Srinivasan characterizes the data issues as “typographical errors and minor oversights,” which is ridiculous if you actually look at the specifics of all the problems in those papers.

He also writes:

It is important to note that the conclusions of our studies remain firm and sound, and have been replicated independently in many subsequent studies from other reputable laboratories.

It’s funny how the conclusions never seem to be affected by revelations of major data problems. It kinda makes you wonder why these researchers bother gathering and analyzing data at all, given that their errors never affect their conclusions. This is consistent with the apparent attitude of some scientists that they already know the truth, with all this experimentation, analysis, and writing-up of results being a tiresome bit of paperwork between the theory and the professional acclaim.

The most annoying thing

I was particularly annoyed by this remark from Srinivasan:

I am surprised (and disappointed) with the unprofessional manner in which the authors of the arXiv document (Luebbert and Pachter) have conducted their commentary of some work in my laboratory. The authors never contacted me personally with their queries, nor did they seek clarification.

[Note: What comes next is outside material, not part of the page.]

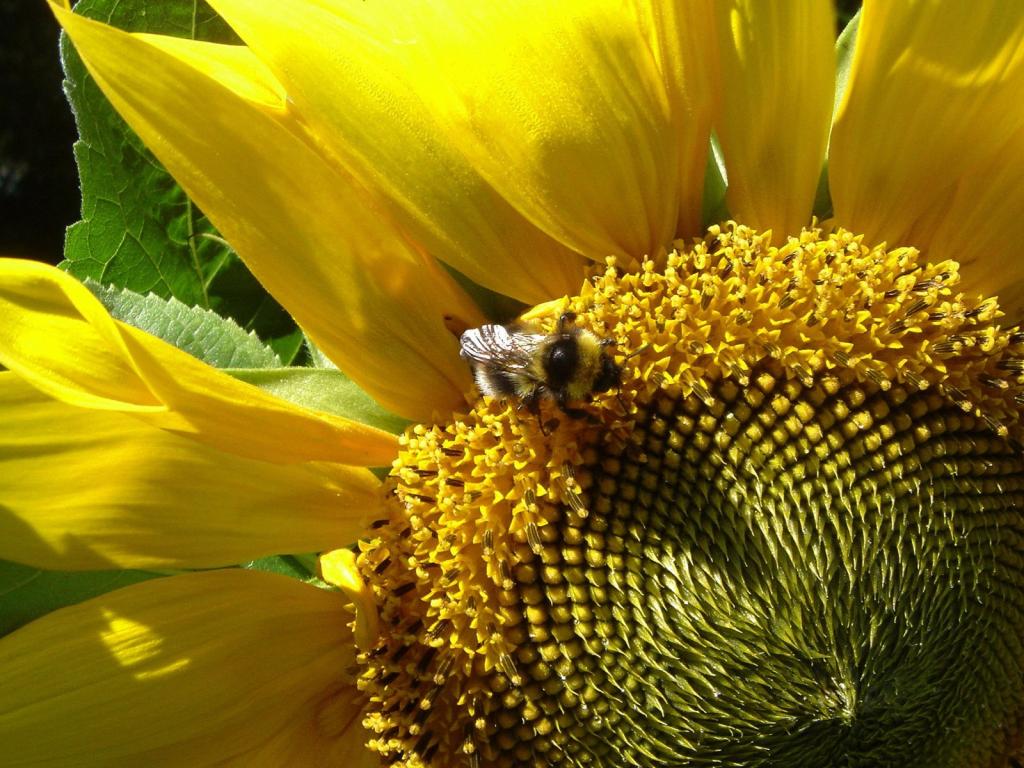 Пчела собирает пыльцу на подсолнухе обои для рабочего стола, картинки, фото, 1024x768. | ||||||||||||||||||||||

Grrrrr. Srinivasan published some papers. When you publish a paper, it is public. It’s out there for anyone to read, and for anyone to criticize. Correctness of a published paper is the author’s responsibility. There’s nothing wrong with contacting authors with your queries if you find problems with their paper, but also no requirement. Similarly, if you read a paper and want to use its methods, there’s nothing wrong with contacting the authors with your queries, but there is no requirement to do so. If you only want your paper read by people who’ve contacted you personally, don’t publish it. And if you don’t want anyone to criticize it, don’t publish it.

Personally, I like when people find mistakes in my published work. I make mistakes all the time (see here and here)! If the people who find mistakes in my work, or who think they find mistakes, contact me personally, that’s great, but the most important thing is that the mistakes (or possibly the points of confusion) get out there. And then I can go back and issue corrections to my errors (for example here, here, here, and here), improve my work (for example here), and clarify points of confusion (for example here).

Hey, Fermat!

As part of his reply to Srinivasan’s comments, Pachter wrote:

Finally if there are many reputable laboratories that have independently replicated the results in the 10 papers we flagged, it would be great if you could post links to all their papers and relevant figures in a reply to this comment.

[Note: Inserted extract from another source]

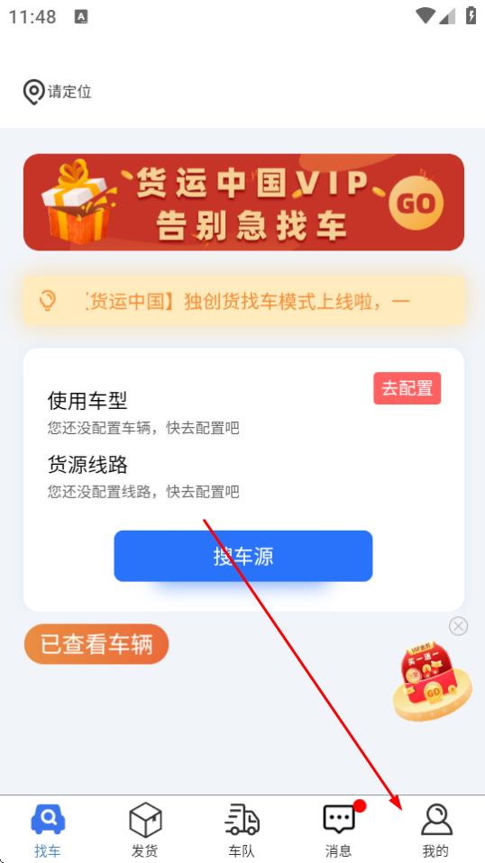 1、打開貨運(yùn)中國(guó)APP,點(diǎn)擊底部導(dǎo)航欄中的我的。

To which Srinivasan responded:

A full, detailed, point-by-point response to the Luebbert and Pachter document will be available soon.

In Srinivasan’s last reply, he did not seem to be able to find space in the comment window for any references to the claimed many subsequent independent replications from other [sic] reputable laboratories.

Let’s look at the replications.

I wrote the above post in July and scheduled it for November. I guess that Srinivasan’s full, detailed, point-by-point response should be available by then, so we can see what he said.

Actually, I’m guessing that biologists would be less interested in the point-by-point response and more in the claim that their conclusions “have been replicated independently in many subsequent studies from other reputable laboratories.” Talk is cheap; replications are real. And it’s my impression that in biology, results of interest really do get replicated.

It could well be that Srinivasan’s findings are real, and really have been replicated. Just cos there’s research misconduct, it doesn’t mean you’re not doing real science. Indeed, this is kinda the flip side of the “honesty and transparency are not enough” principle. Scientific research can be honest, transparent, and wrong (this happens when you study weak theory with noisy measurements); I guess it can also be error-ridden in its details while still being on the right track.

So I’ll be interested to see what Luebbert, Pachter, and researchers in the bee-dance subfield think after looking at the references that Srinivasan supplies to the many replications from reputable laboratories.